__WHAT YOU WILL DO__. Please transcribe only the lines that run from the line bearing "Journey through Hong" to the end of the entries, keeping both end lines. Skip the pictures.

[Entries taken from a collection]
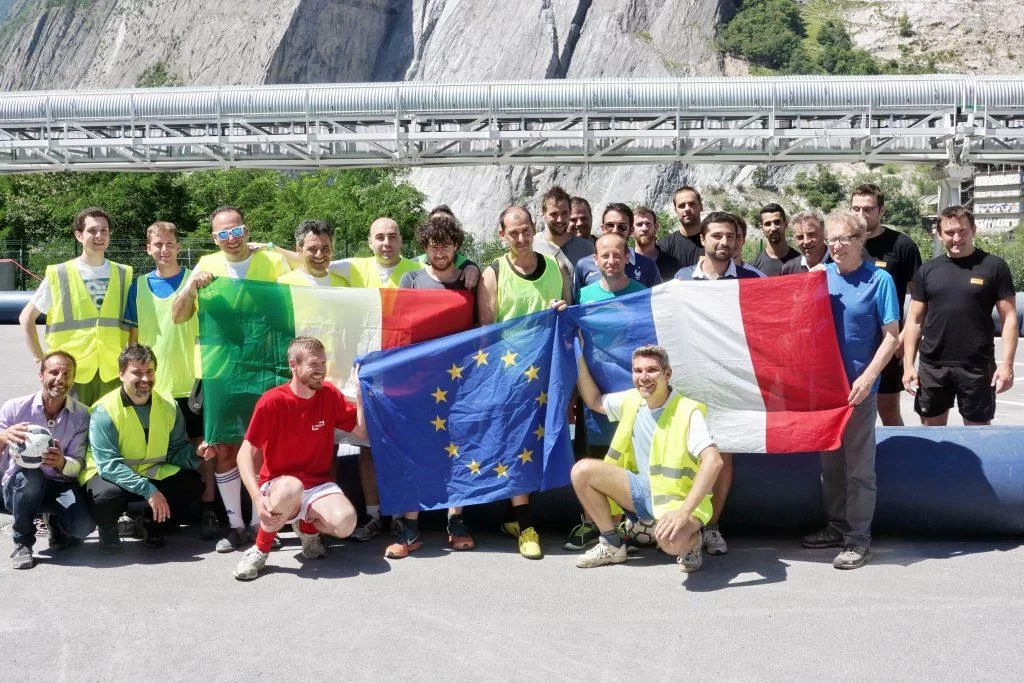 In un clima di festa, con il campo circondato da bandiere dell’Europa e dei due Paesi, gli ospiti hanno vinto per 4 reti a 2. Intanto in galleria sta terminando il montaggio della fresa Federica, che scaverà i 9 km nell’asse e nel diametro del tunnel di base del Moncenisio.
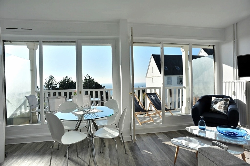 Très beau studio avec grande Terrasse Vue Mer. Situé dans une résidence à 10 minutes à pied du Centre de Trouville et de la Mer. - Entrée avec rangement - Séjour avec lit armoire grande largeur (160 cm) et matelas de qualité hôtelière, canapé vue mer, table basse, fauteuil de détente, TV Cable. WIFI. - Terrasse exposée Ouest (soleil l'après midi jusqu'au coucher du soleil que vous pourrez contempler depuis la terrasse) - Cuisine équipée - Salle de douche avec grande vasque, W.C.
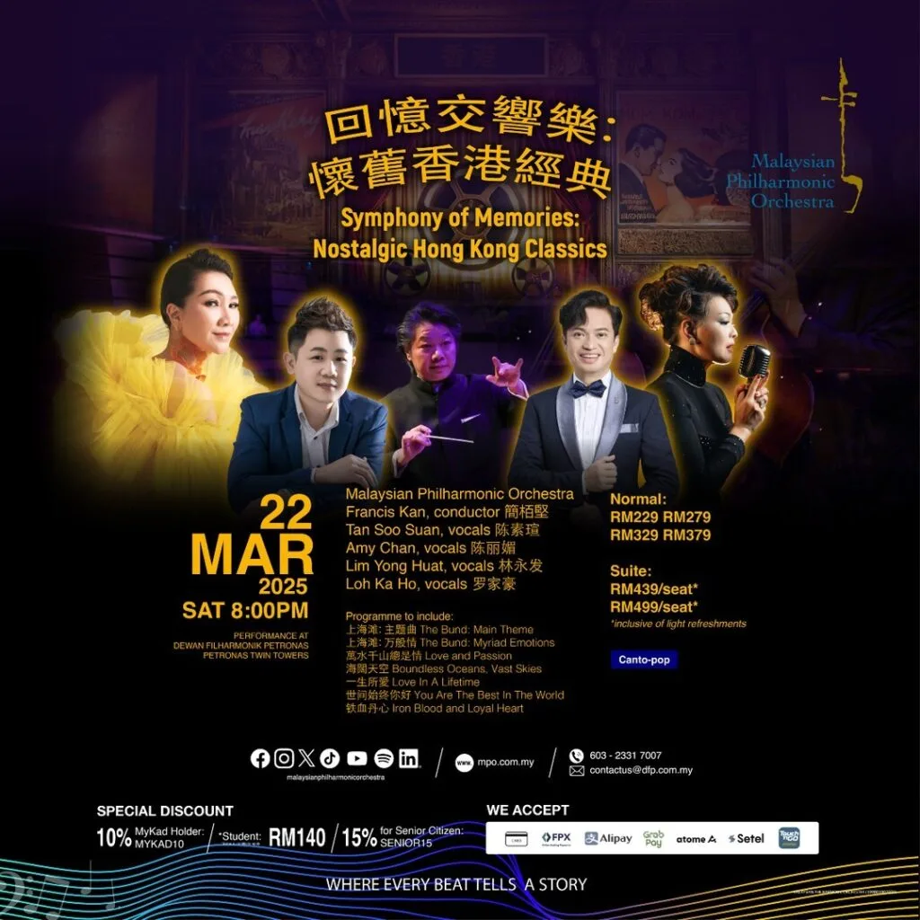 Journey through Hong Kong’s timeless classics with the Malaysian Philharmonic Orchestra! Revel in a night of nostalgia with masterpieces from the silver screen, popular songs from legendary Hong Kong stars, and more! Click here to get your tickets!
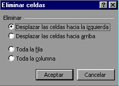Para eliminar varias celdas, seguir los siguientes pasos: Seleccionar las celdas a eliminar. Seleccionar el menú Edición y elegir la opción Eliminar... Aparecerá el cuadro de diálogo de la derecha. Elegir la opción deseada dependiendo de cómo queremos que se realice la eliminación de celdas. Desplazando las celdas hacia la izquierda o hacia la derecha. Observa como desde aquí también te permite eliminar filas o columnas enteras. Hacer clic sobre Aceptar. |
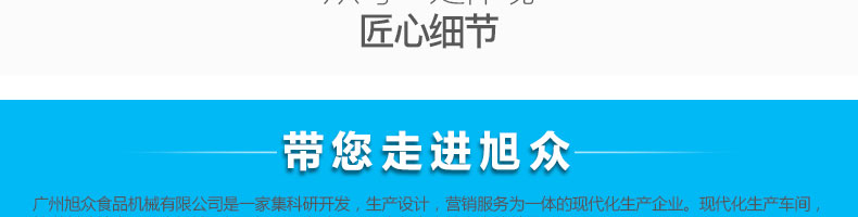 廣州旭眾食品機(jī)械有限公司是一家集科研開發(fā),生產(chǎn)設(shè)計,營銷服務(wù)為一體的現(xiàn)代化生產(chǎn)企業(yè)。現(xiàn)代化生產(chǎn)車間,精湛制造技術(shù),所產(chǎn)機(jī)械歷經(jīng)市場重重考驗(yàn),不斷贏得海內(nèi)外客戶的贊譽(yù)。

__TASK OUTPUT__.
 Journey through Hong Kong’s timeless classics with the Malaysian Philharmonic Orchestra! Revel in a night of nostalgia with masterpieces from the silver screen, popular songs from legendary Hong Kong stars, and more! Click here to get your tickets!
Para eliminar varias celdas, seguir los siguientes pasos: Seleccionar las celdas a eliminar. Seleccionar el menú Edición y elegir la opción Eliminar... Aparecerá el cuadro de diálogo de la derecha. Elegir la opción deseada dependiendo de cómo queremos que se realice la eliminación de celdas. Desplazando las celdas hacia la izquierda o hacia la derecha. Observa como desde aquí también te permite eliminar filas o columnas enteras. Hacer clic sobre Aceptar. |
 廣州旭眾食品機(jī)械有限公司是一家集科研開發(fā),生產(chǎn)設(shè)計,營銷服務(wù)為一體的現(xiàn)代化生產(chǎn)企業(yè)。現(xiàn)代化生產(chǎn)車間,精湛制造技術(shù),所產(chǎn)機(jī)械歷經(jīng)市場重重考驗(yàn),不斷贏得海內(nèi)外客戶的贊譽(yù)。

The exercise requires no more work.